Maliki: Those who operate on the premise of short time periods in Iraq today are being more realistic. Artificially prolonging the tenure of US troops in Iraq would cause problems. Of course, this is by no means an election endorsement. Who they choose as their president is the Americans' business. But it's the business of Iraqis to say what they want. And that's where the people and the government are in general agreement: The tenure of the coalition troops in Iraq should be limited.
I'm guessing McCain would prefer to see a front page profile on Juan Carlos Benitez-- or even another story about how his rabidly homophobic Alabama leadership campaign chairman, Attorney General Troy King, was caught by his wife, Paige, in bed with a young man. Instead he's going to be seeing thoughtful pieces like Spencer Ackerman's Fight War, Not Wars and news coverage about Obama's triumphal progress through country after country.
Maliki has read the tea leaves and evidently realized what the rest of us considered obvious: that the only one demanding that he turn Iraq to permanent foreign domination is a president thoroughly discredited in his own country who'll be out of office in a few months. That president's replacement might very well decide on a unilateral withdrawal from Iraq, abrogating any deal Maliki was strongarmed into signing, at which point the U.S. would essentially be cutting Maliki off. Oh motherfucking shit, Maliki surely thought, if I sign this deal, my people will run my body through the streets and hoist me from a fucking lamppost. Not that the electricity works, but still.

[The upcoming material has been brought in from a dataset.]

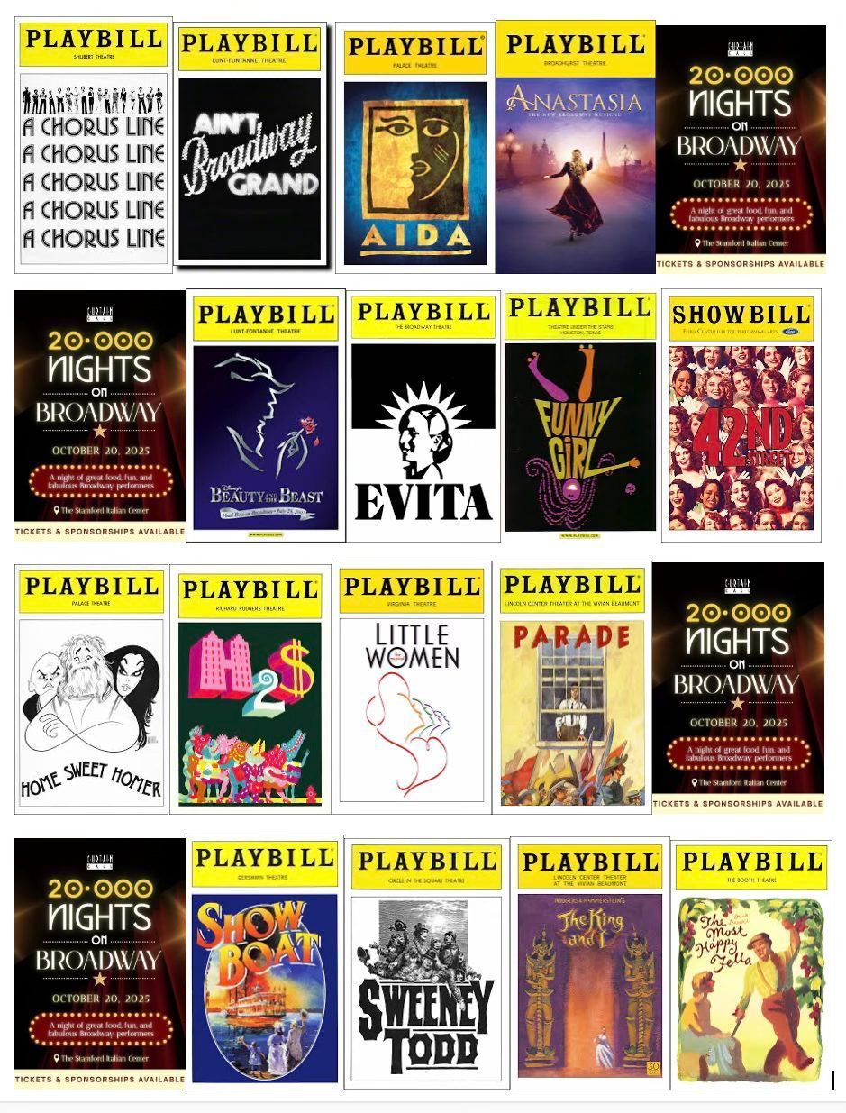 WHAT DO ALL THESE BROADWAY PLAYBILLS HAVE IN COMMON? EACH OF THE SHOWS FEATURED PERFORMANCES BY THE GUEST ARTISTS IN CURTAIN CALL'S FALL FUNDRAISER: 20,000 NIGHTS ON BROADWAY!

And so Maliki flip-flopped. His newfound resiliency is born of survival -- not merely political survival, either. He has forced George Bush to accept what Bush and McCain has said for years would lead to doom, ruin, humiliation, catastrophe-- a euphemistic "time horizon" for withdrawal. On the one hand, the fact that it won't actually be a timetable is significant, since Bush, of course, won't actually end a war he wants to entrench as the natural order of the world. But on the other, the euphemism is itself important, since once again Bush's attempt at denying reality only creates a trap for McCain. If McCain embraces the time-horizons, he shatters his own previous argument that such a thing will bring national ruin and indicates a certain moral and strategic turpitude on the part of its advocates. His only solution is to magically pretend that Bush's move isn't politically motivated and hope no one laughs at him. But now Maliki evidently wants to stick it to McCain, an indicator that the Iraqi PM knows who's going to be president next January. Reuters reports that Maliki has embraced Obama's 16-month withdrawal plan.

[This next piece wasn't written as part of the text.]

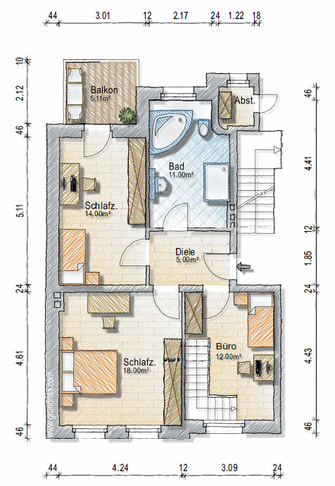 Zwei nach Osten ausgerichtete Balkone laden dazu ein, entspannte Stunden an der frischen Luft zu genießen.

Obama isn't running around looking for bargains in the Kabul carpet markets with Lieberman and Lindsey. He landed at Kabul at noon and he's going to visit Jalalabad in east Afghanistan, on the road to the Khyber Pass. I was there a couple times when there was no war, and it was like the American wild West. According to the NY Times the trip "will give him a first-hand look at the region where American troops are feeling the brunt of increased attacks from militants infiltrating across the border from Pakistan." Instead of dragging along a light in the loafers carpet hunter and a fanatic warmonger who sees everything in the Middle East through his Likud prism, Obama has two deadly serious senior U.S. senators and national security experts with him, Republican Chuck Hagel and Democrat Jack Reed.
This news and the strain of campaigning is all a bit much for an elderly man like McCain, who nodded off during an interview with Conan O'Brien on NBC's Late Night. And the show wasn't even taped late at night; they tape in the afternoon! Or was that another of his lame stunts, part of McCain's one-note plea for sympathy?